The basic structure of the lightweight tamping mechanism unit of the embodiment is shown in fig. 1 and 2, a substantially symmetrical box body 1-1 is in a W shape, the left and right ends are respectively welded with a vertical guide sleeve 1-1-1-5,W which forms a vertical moving pair with a guide post 6-2 serving as a guide piece, the middle part of the vertical guide sleeve extends upwards to form an eccentric crankshaft part supporting structure, the supporting structure is specifically a U-shaped bracket with a supporting hole, the eccentric crankshaft part 1-2 is supported, and the middle parts of a left pick arm 1-5 and a right pick arm 1-5 are respectively hinged between the left and right ends and the middle part. The eccentric crank shaft part 1-2 drives the upper ends of the left pick arm 1-5 and the right pick arm 5 through the left clamping oil cylinder 1-3 and the right clamping oil cylinder 1-4 respectively. The axial lines of the left and right clamping cylinders 1-3 and 1-4 are positioned in the same plane perpendicular to the axis of the eccentric crankshaft.

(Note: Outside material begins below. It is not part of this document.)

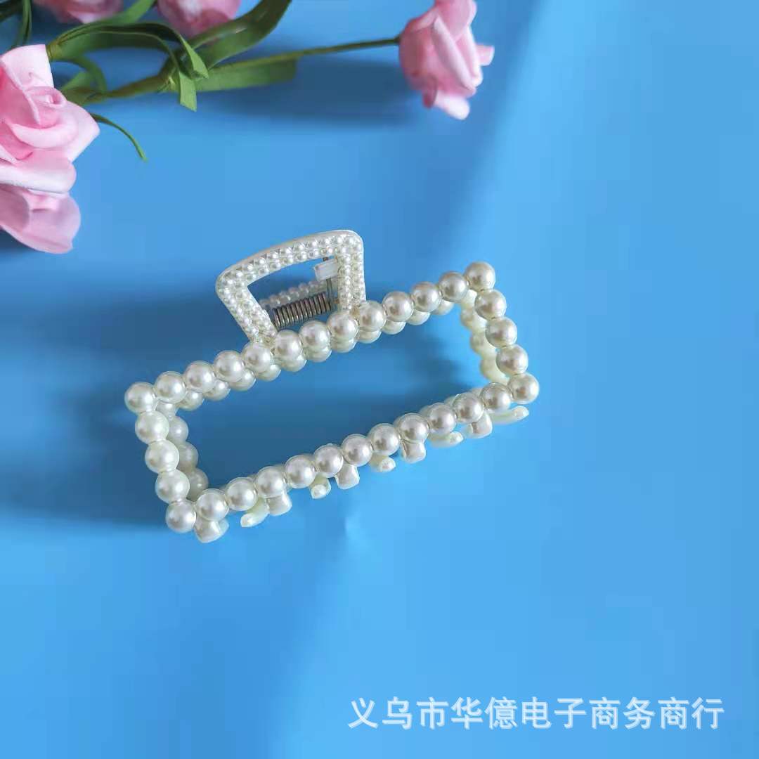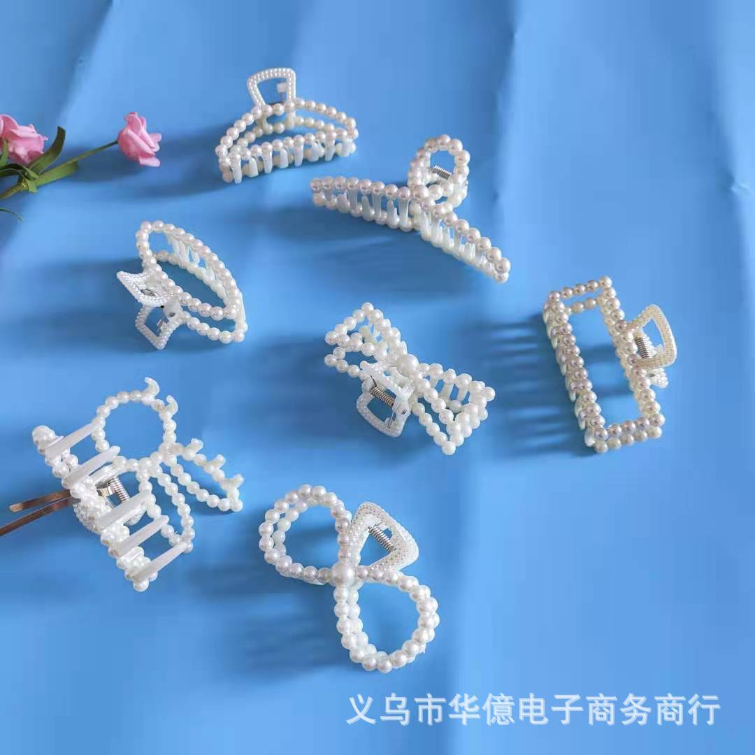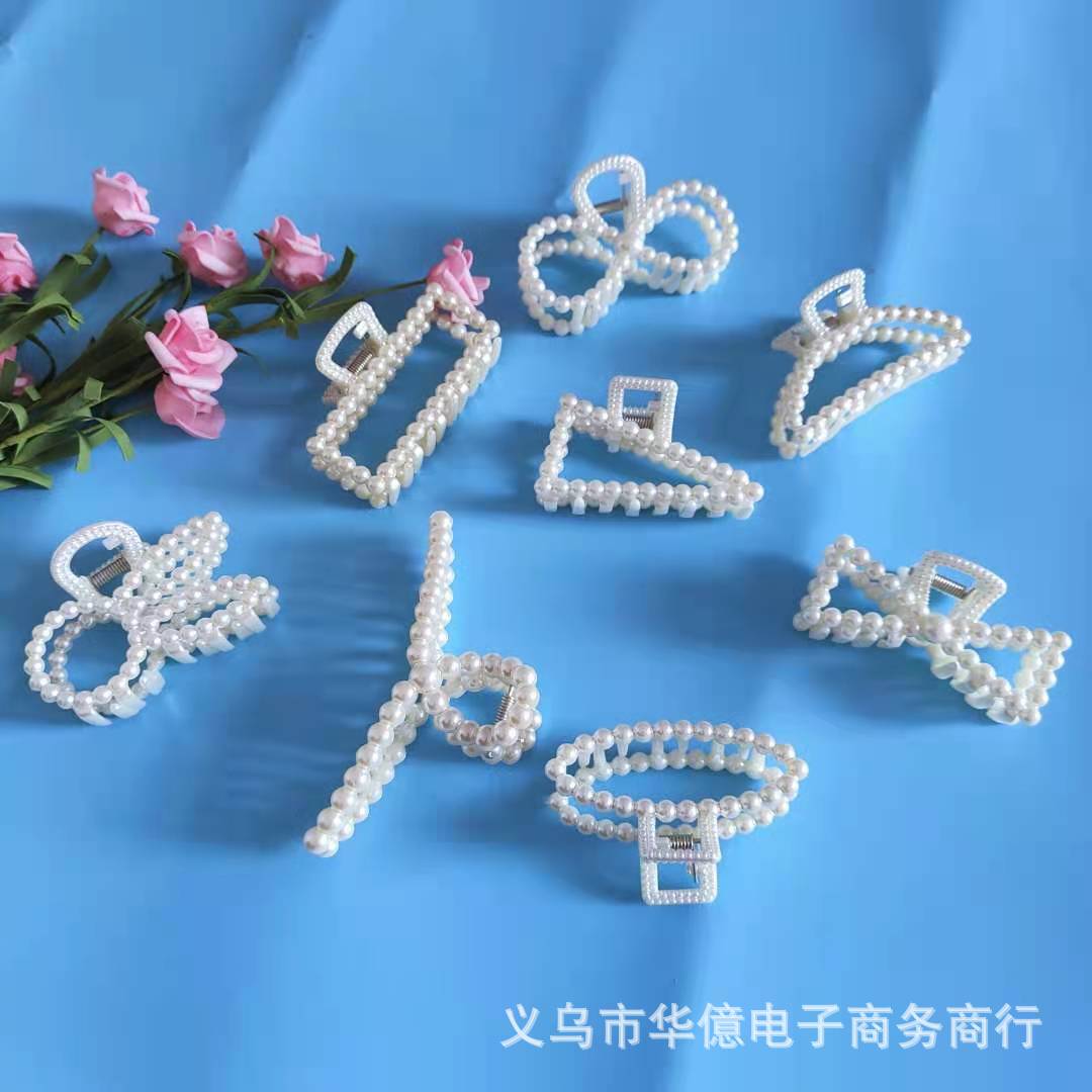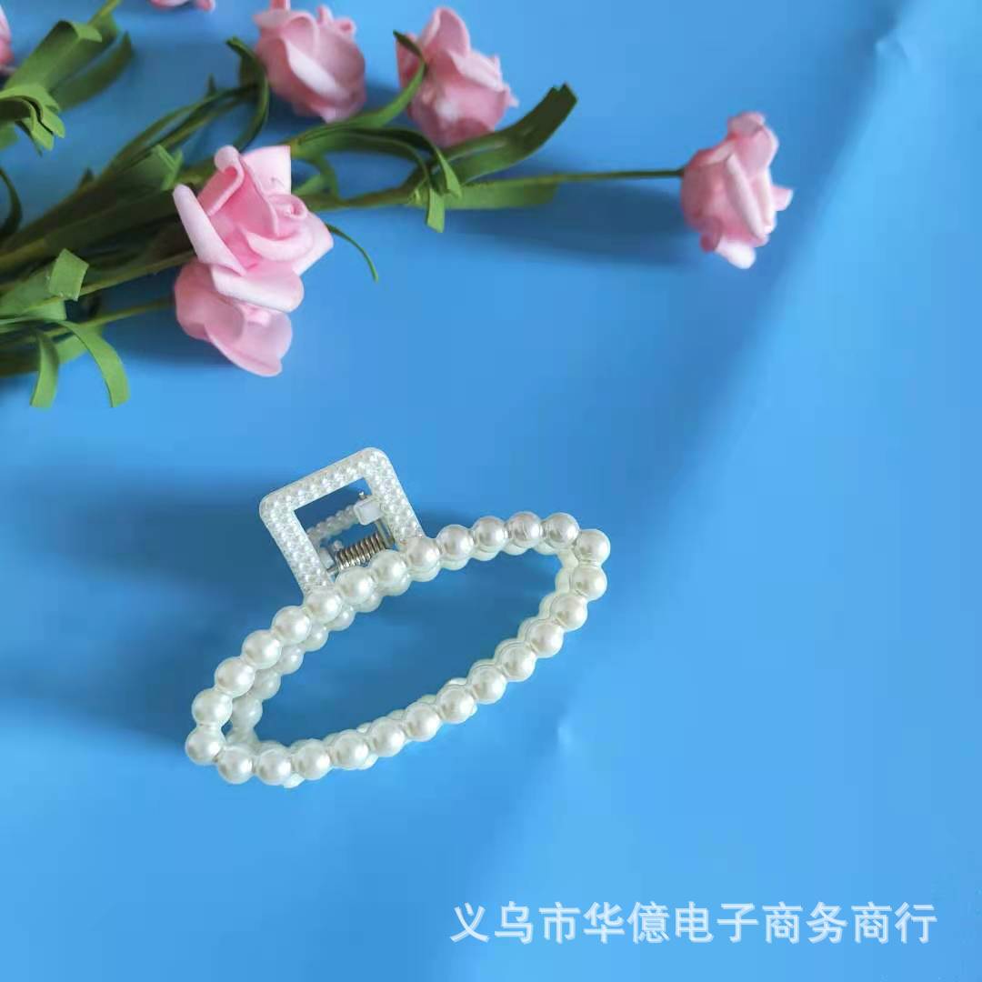 韩国风珍珠发夹抓夹女大号气质洗澡夹子发抓几何交叉 发卡鲨鱼夹

The more specific structure of the box body 1-1 is shown in figure 3, and consists of a W-shaped lower box body 1-1-1 and an upper box body 1-1-2 fixedly connected with the upper middle part of the lower box body 1-1 in a butt joint way.

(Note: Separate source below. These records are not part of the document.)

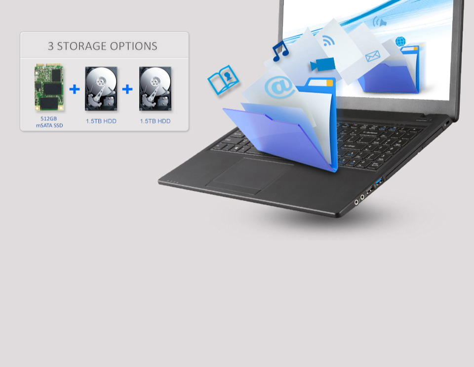 The massive dual-storage system of Q2556N v2 can support up to 512GB mSATA SSD + two 1.5TB HDD huge storage space, providing high performance and massive data storage. It’s very easy to store all your work and stuff without ever needing external storage devices.
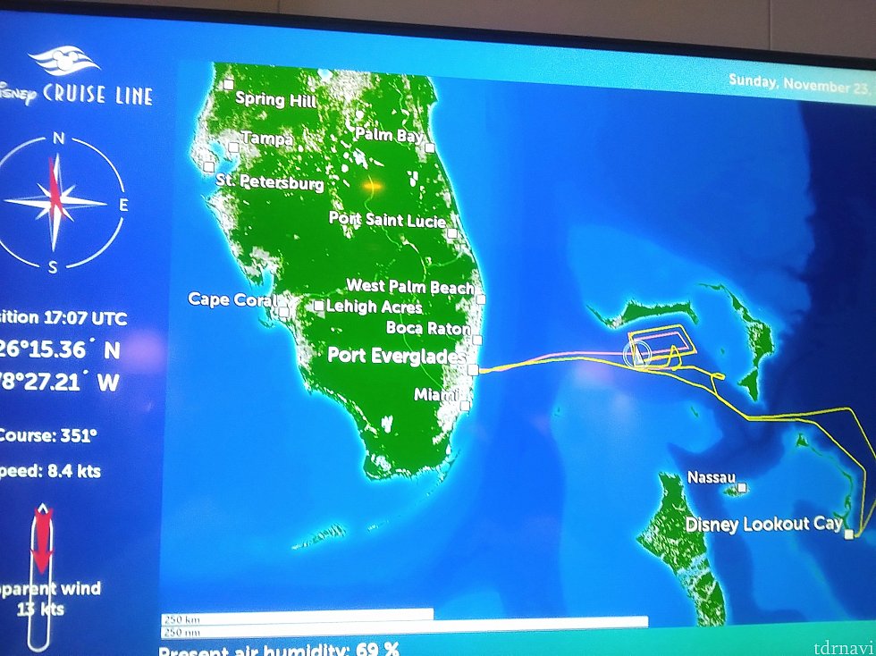 2日目はライトハウス・ポイント、3日目はキャスタウェイに寄港。4日目は洋上日ですが、グランド・バハマ島沖を2周?してました。
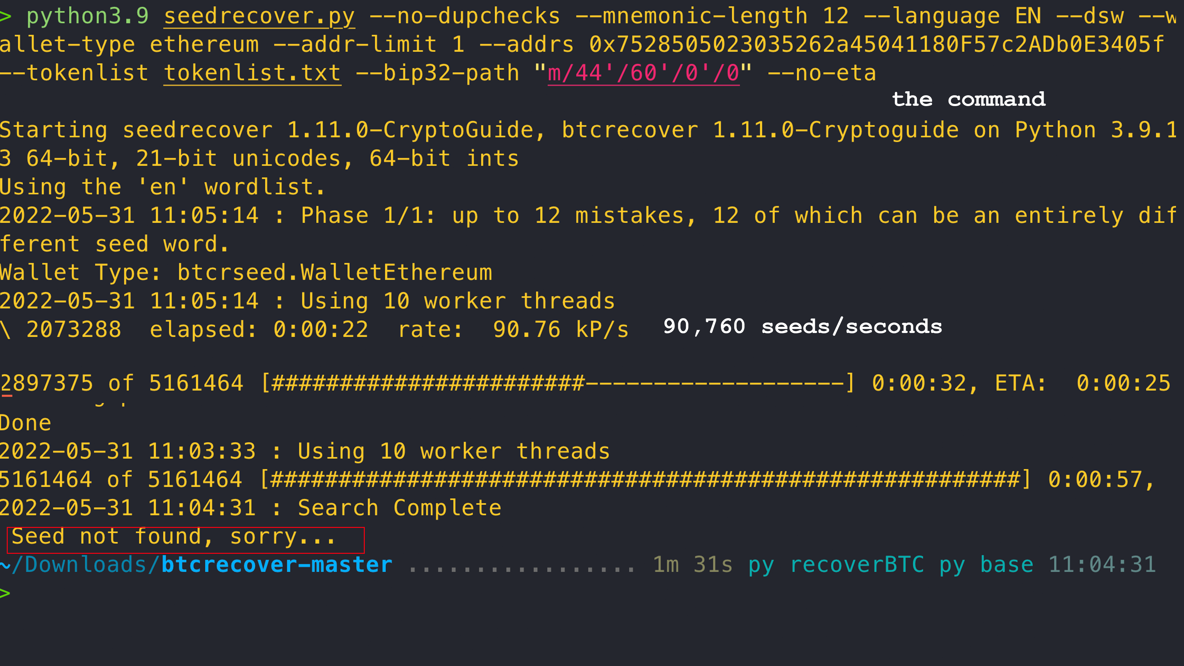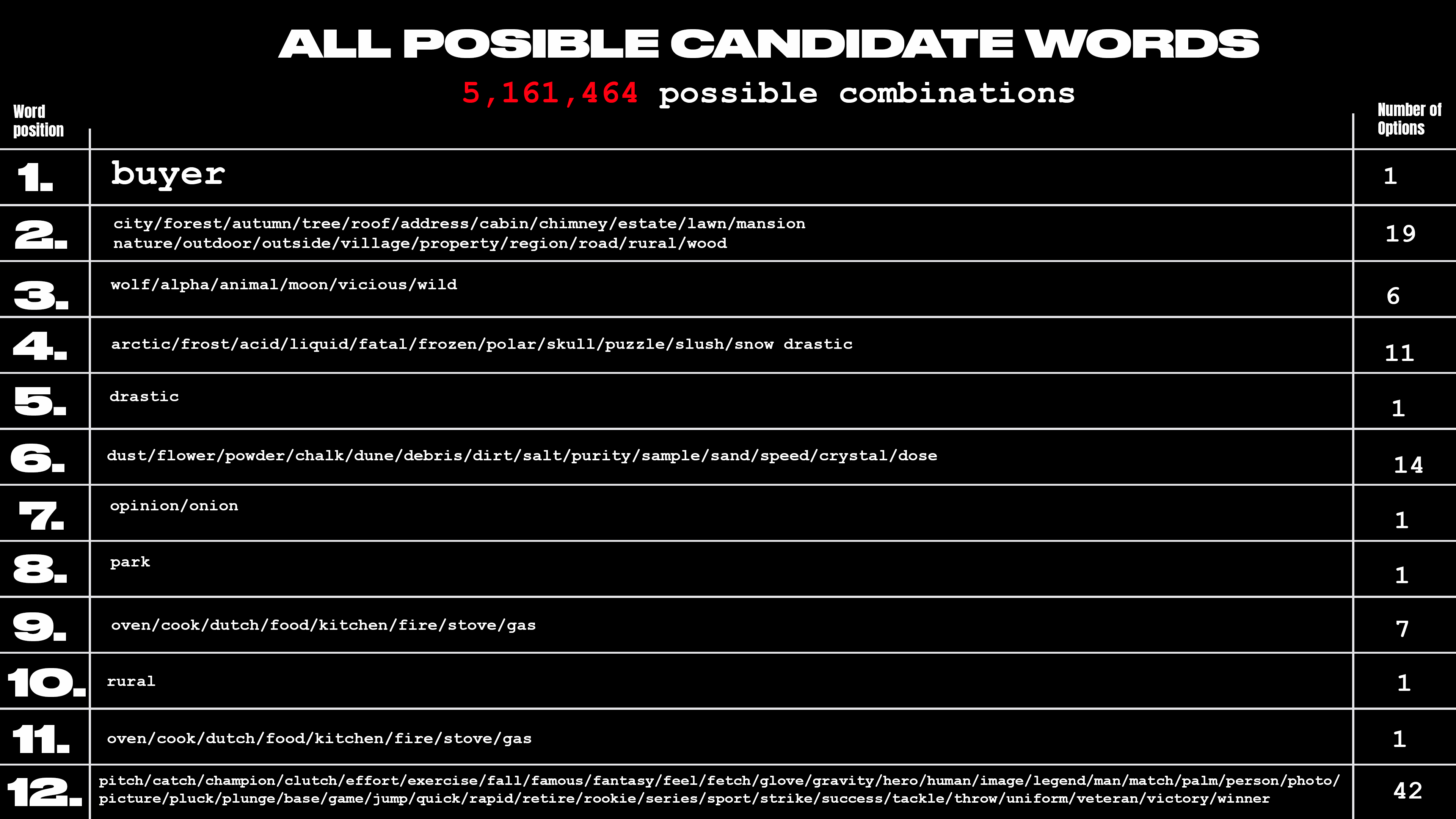 It would take 11 hours to try all my candidate words, and on the 4th & 12th positions try all 2048 possible words.
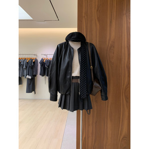 25秋超软环保哑光皮松紧窄下摆显瘦宽松短款廓形皮衣休闲圆领夹克
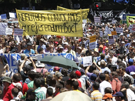 Initiativtagerne foreslår nemlig, at folkeafstemningen dels skal foregå over nettet og dels ved stemmeafgivelse på traditionel vis. Hjemmesiden http://www.referendum15deoctubre.org/ har i løbet af de seneste to dage haft haft mere end 57.000 besøg fra 15 forskellige lande.

The lower box body 1-1-1 is shown in fig. 4, and comprises two W-shaped plates 1-1-1-1 which are welded at the middle and upper parts through U-shaped plates 1-1-1-6 and are arranged relatively parallel and perpendicular to the axis of the eccentric crankshaft, and bearing mounting seats 1-1-1-3 with semicircular recesses are respectively welded at the upper ends of two sides of the U-shaped plates 1-1-1-6. The W-shaped plate 1-1-1 is formed by connecting two V-shaped parts, and the lowest parts of the two V-shaped parts (namely the bottoms of the V-shapes) are respectively welded with a pick arm hinge sleeve 1-1-1-2 for hinging the middle parts of the left pick arm 1-5 and the right pick arm 5. A lifting cylinder mounting sleeve 1-1-1-4 is welded at one side of the middle part of the protrusion of the lower box body 1-1 and close to one of the two pick arm hinge mounting sleeves 1-1-1-2, and vertical guide sleeves 1-1-1-5 are respectively welded at two outer ends of the W-shaped plate 1-1-1-1. The central axes of the pick arm hinge sleeves 1-1-1-2 and the lift cylinder mounting sleeves 1-1-4 are arranged parallel to the axial direction of the vibrating shaft (i.e., eccentric crankshaft) (the vibrating shaft is placed substantially parallel to the direction of the tie, i.e., the transverse direction of the rail). The W-shaped plate adopted by the lower box body 1-1-1 is provided with pick arm hinged sleeves at two bottom ends thereof, so that the overall height of the tamping mechanism 1 can be effectively reduced, the structure is more compact, unnecessary guide length is reduced, and better guide effect is obtained.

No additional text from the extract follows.